> _THE TASK_: With the images removed, repeat the data below exactly.

> _COLLECTED MATERIAL_:
================
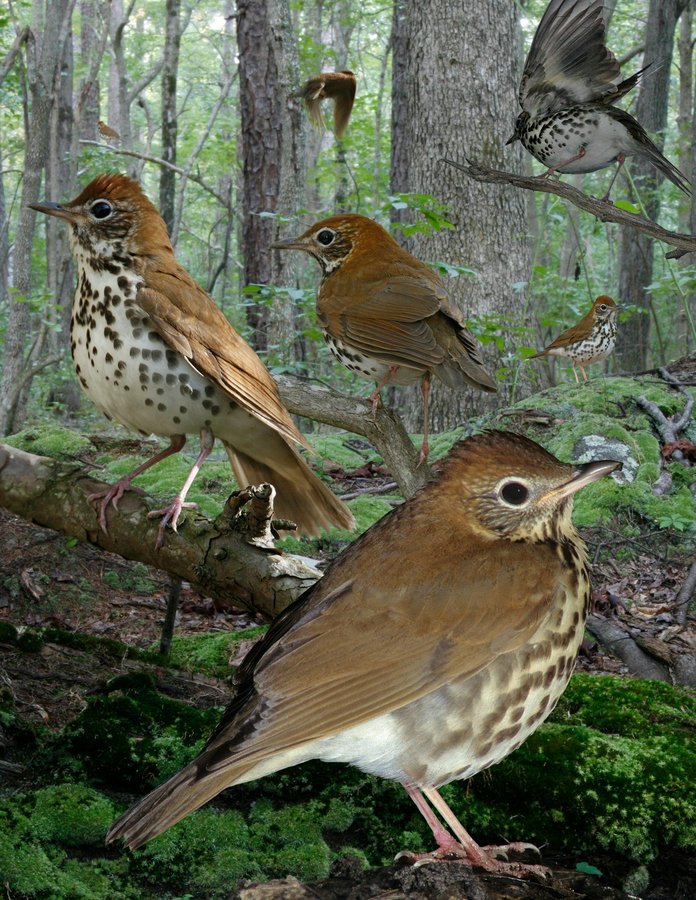 Common in mostly deciduous woodland and even densely wooded back yards. Easiest seen coming onto roads to feed though is always quick to fly off. Beautiful fluting song comprises a series of phrases and is always the pick of the dawn chorus. When disturbed, gives a series of angry machine-gunned notes. Flight call a dull flat buzzy ‘neep.’ ID: A really fat thrush with a short tail and big head. Larger than Catharus but not always obviously so. Its richer-colored upperparts, brightest on the nape, are usually noticeable. If in doubt, look for black-flecked ear coverts and a bold eyering. From the front, its large black spots on a white background always stand out.
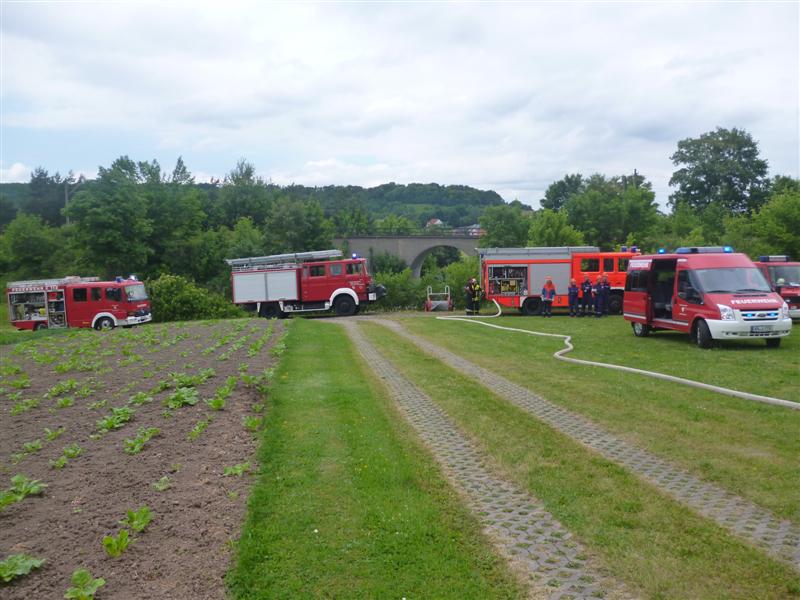 Die Feuerwehren Brodswinden und Elpersdorf kümmerten sich um die Wasserversorgung und die Brandbekämpfung. Unsere Jugendgruppe aus Ansbach war für die Technische Hilfeleistung und die Personensuche zuständig. Die Hauptaufgabe hierbei bestand darin, eine verletzte Person durch den Einsatz von Hebekissen unter einem Hänger zu befreien.
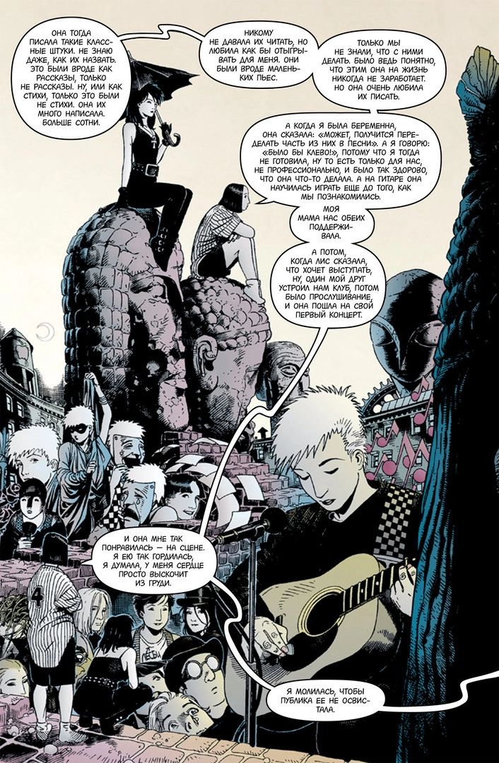 Для «обычного» комикса это определённо перенаселенная история: лиц тут заметно больше, чем требуется для рассказа. Но многочисленные мимолётные персонажи придают действию плотный фон, обеспечивают ту самую жизненную суету, которая полезна вообще в любом произведении, но так необходима в особенности здесь – с такой-то героиней. Справедливо ведь сказано: «Мы так заняты жизнью и не находим времени заметить, что мы живы. Но иногда – замечаем! И именно это придает смысл всему остальному».
================
> _RESPONSE_:
 Common in mostly deciduous woodland and even densely wooded back yards. Easiest seen coming onto roads to feed though is always quick to fly off. Beautiful fluting song comprises a series of phrases and is always the pick of the dawn chorus. When disturbed, gives a series of angry machine-gunned notes. Flight call a dull flat buzzy ‘neep.’ ID: A really fat thrush with a short tail and big head. Larger than Catharus but not always obviously so. Its richer-colored upperparts, brightest on the nape, are usually noticeable. If in doubt, look for black-flecked ear coverts and a bold eyering. From the front, its large black spots on a white background always stand out.
 Die Feuerwehren Brodswinden und Elpersdorf kümmerten sich um die Wasserversorgung und die Brandbekämpfung. Unsere Jugendgruppe aus Ansbach war für die Technische Hilfeleistung und die Personensuche zuständig. Die Hauptaufgabe hierbei bestand darin, eine verletzte Person durch den Einsatz von Hebekissen unter einem Hänger zu befreien.
 Для «обычного» комикса это определённо перенаселенная история: лиц тут заметно больше, чем требуется для рассказа. Но многочисленные мимолётные персонажи придают действию плотный фон, обеспечивают ту самую жизненную суету, которая полезна вообще в любом произведении, но так необходима в особенности здесь – с такой-то героиней. Справедливо ведь сказано: «Мы так заняты жизнью и не находим времени заметить, что мы живы. Но иногда – замечаем! И именно это придает смысл всему остальному».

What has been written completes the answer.